* **What to do**:
Each entry below should appear again exactly as written, without pictures.

Records from a data source:
::::

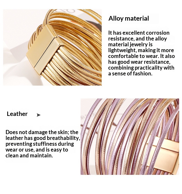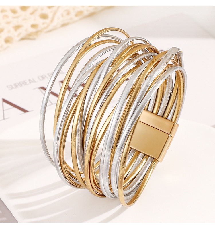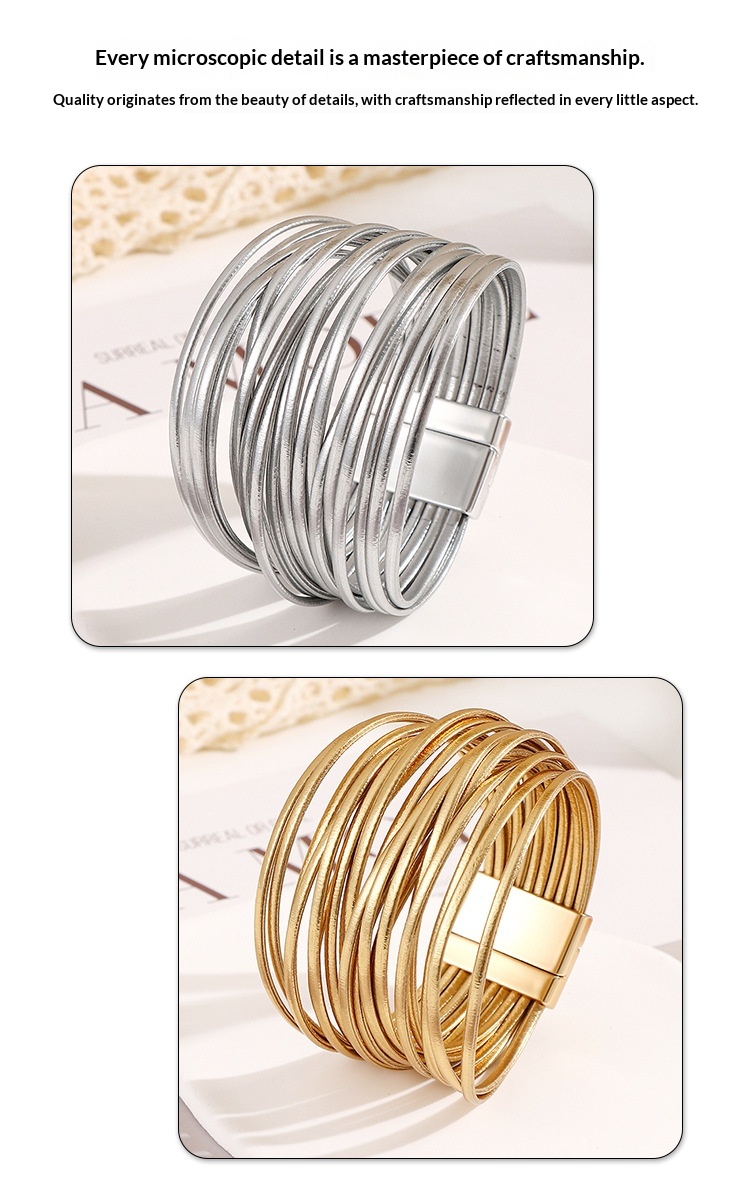 Product information:Processing method: ElectroplatingColors: Gold, silver, gold-silver mix, rose gold, black, black-silver mix, purple + rose gold mixMaterial: Faux leatherTrendy element: LinesStyle:...
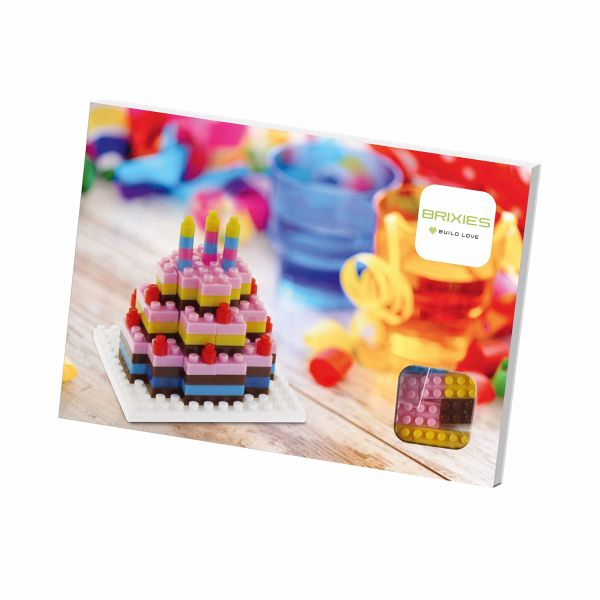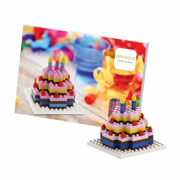 Happy Birthday to you, keine Zeit zum Kuchen backen? Macht nichts, versende Geburtstagsglückwünsche mit unserer Geburtstagstorte aus Klemmbausteinen! Die Postkarten von BRIXIES bereiten viel Freude beim Auspacken, Aufbauen und Sammeln.Die "BRIXIES Postkarte Geburtstagskuchen" beinhaltet einen Konstruktionsbausatz aus insgesamt 81 Klemmbausteinen und ist zusammengebaut 4,8 cm lang, 4,8 cm breit und 4,8 cm hoch. Die Baustein-Sets von BRIXIES sind ab 8 Jahren geeignet. Die Bausteine bestehen aus hochwertigem ABS Kunststoff und entsprechen den aktuellsten Sicherheitsstandards. Dieser Bausatz des Schwierigkeitsgrads Level 1 fördert die Geschicklichkeit und Konzentration und bereitet gleichzeitig sehr viel Freude.
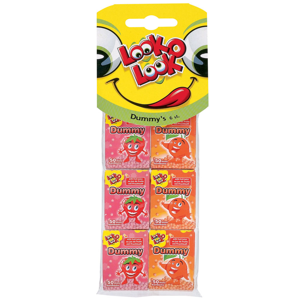 Små Dummy Tablettaskar innefattar en förpackning med flera små tablettaskar med godis med fruktsmak.
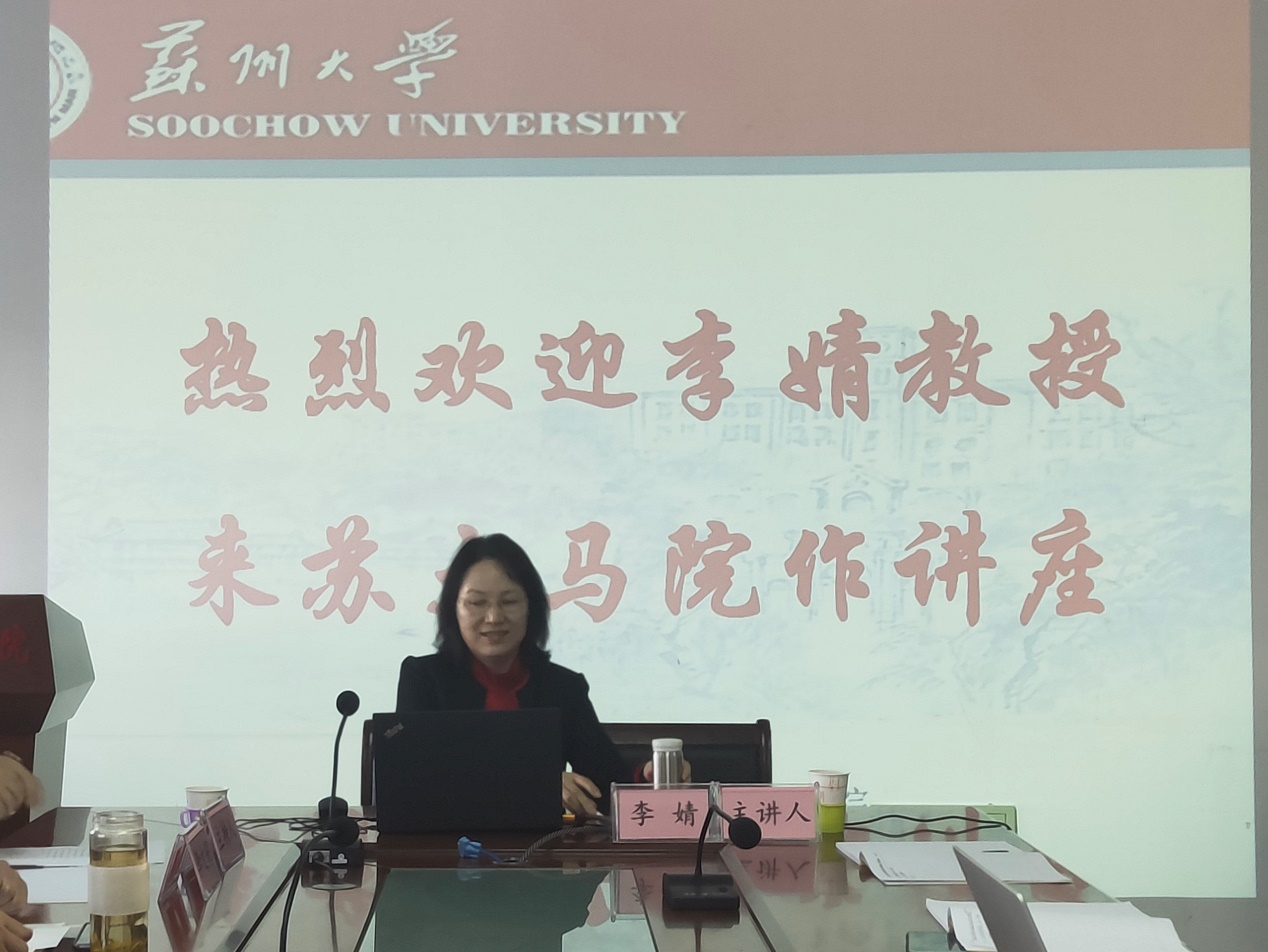 11月5日,东北师范大学李婧教授应邀到苏州大学独墅湖校区606-6418会议室为苏州大学马克思主义学院研究生作“全面依法治国必须正确认识和处理的几个重大关系”的学术讲座。苏州大学马克思主义学院副院长朱蓉蓉教授、副院长茆汉成、教师代表王淼教授以及2020级硕士研究生参与了本次活动。活动由马克思主义学院主办,院团委、研究生党支部、研究生会、思想政治教育研究会承办,讲座由李文娟老师主持。
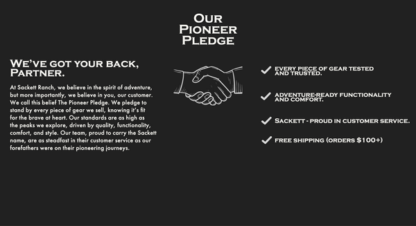 At Sackett Ranch, we believe in the spirit of adventure, but more importantly, we believe in you, our customer. We call this belief The Pioneer Pledge. We pledge to stand by every piece of gear we sell, knowing it's fit for the brave at heart. Our standards are as high as the peaks we explore, driven by quality, functionality, comfort, and style. Our team, proud to carry the Sackett name, are as steadfast in their customer service as our forefathers were on their pioneering journeys.
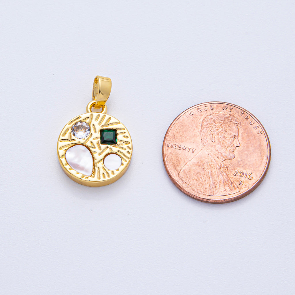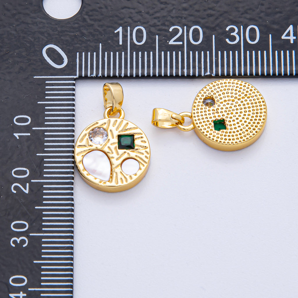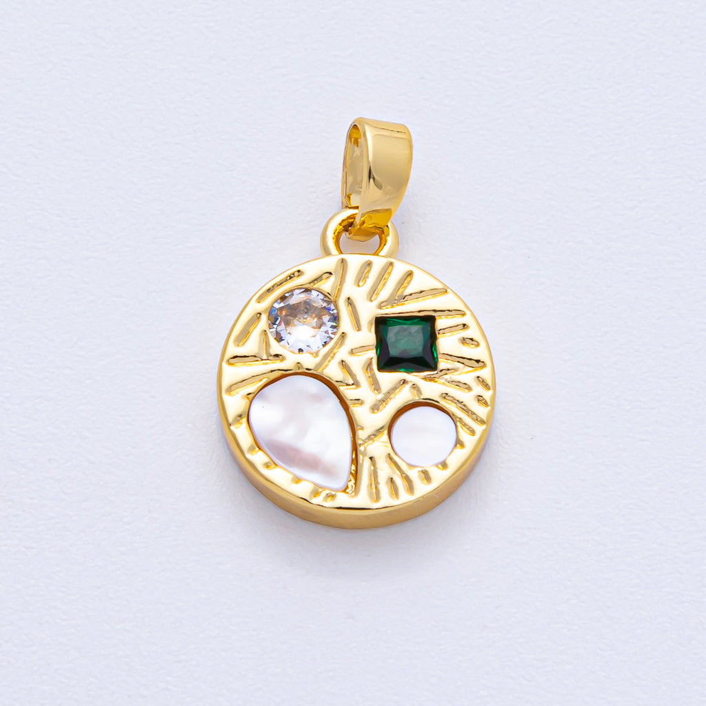 18K Gold Filled 13mm Multicolor CZ Shell Pearl Geometric Textured Round Pendant | AF1207

::::

* **Exercise output**:
 Product information:Processing method: ElectroplatingColors: Gold, silver, gold-silver mix, rose gold, black, black-silver mix, purple + rose gold mixMaterial: Faux leatherTrendy element: LinesStyle:...
 Happy Birthday to you, keine Zeit zum Kuchen backen? Macht nichts, versende Geburtstagsglückwünsche mit unserer Geburtstagstorte aus Klemmbausteinen! Die Postkarten von BRIXIES bereiten viel Freude beim Auspacken, Aufbauen und Sammeln.Die "BRIXIES Postkarte Geburtstagskuchen" beinhaltet einen Konstruktionsbausatz aus insgesamt 81 Klemmbausteinen und ist zusammengebaut 4,8 cm lang, 4,8 cm breit und 4,8 cm hoch. Die Baustein-Sets von BRIXIES sind ab 8 Jahren geeignet. Die Bausteine bestehen aus hochwertigem ABS Kunststoff und entsprechen den aktuellsten Sicherheitsstandards. Dieser Bausatz des Schwierigkeitsgrads Level 1 fördert die Geschicklichkeit und Konzentration und bereitet gleichzeitig sehr viel Freude.
 Små Dummy Tablettaskar innefattar en förpackning med flera små tablettaskar med godis med fruktsmak.
 11月5日,东北师范大学李婧教授应邀到苏州大学独墅湖校区606-6418会议室为苏州大学马克思主义学院研究生作“全面依法治国必须正确认识和处理的几个重大关系”的学术讲座。苏州大学马克思主义学院副院长朱蓉蓉教授、副院长茆汉成、教师代表王淼教授以及2020级硕士研究生参与了本次活动。活动由马克思主义学院主办,院团委、研究生党支部、研究生会、思想政治教育研究会承办,讲座由李文娟老师主持。
 At Sackett Ranch, we believe in the spirit of adventure, but more importantly, we believe in you, our customer. We call this belief The Pioneer Pledge. We pledge to stand by every piece of gear we sell, knowing it's fit for the brave at heart. Our standards are as high as the peaks we explore, driven by quality, functionality, comfort, and style. Our team, proud to carry the Sackett name, are as steadfast in their customer service as our forefathers were on their pioneering journeys.
 18K Gold Filled 13mm Multicolor CZ Shell Pearl Geometric Textured Round Pendant | AF1207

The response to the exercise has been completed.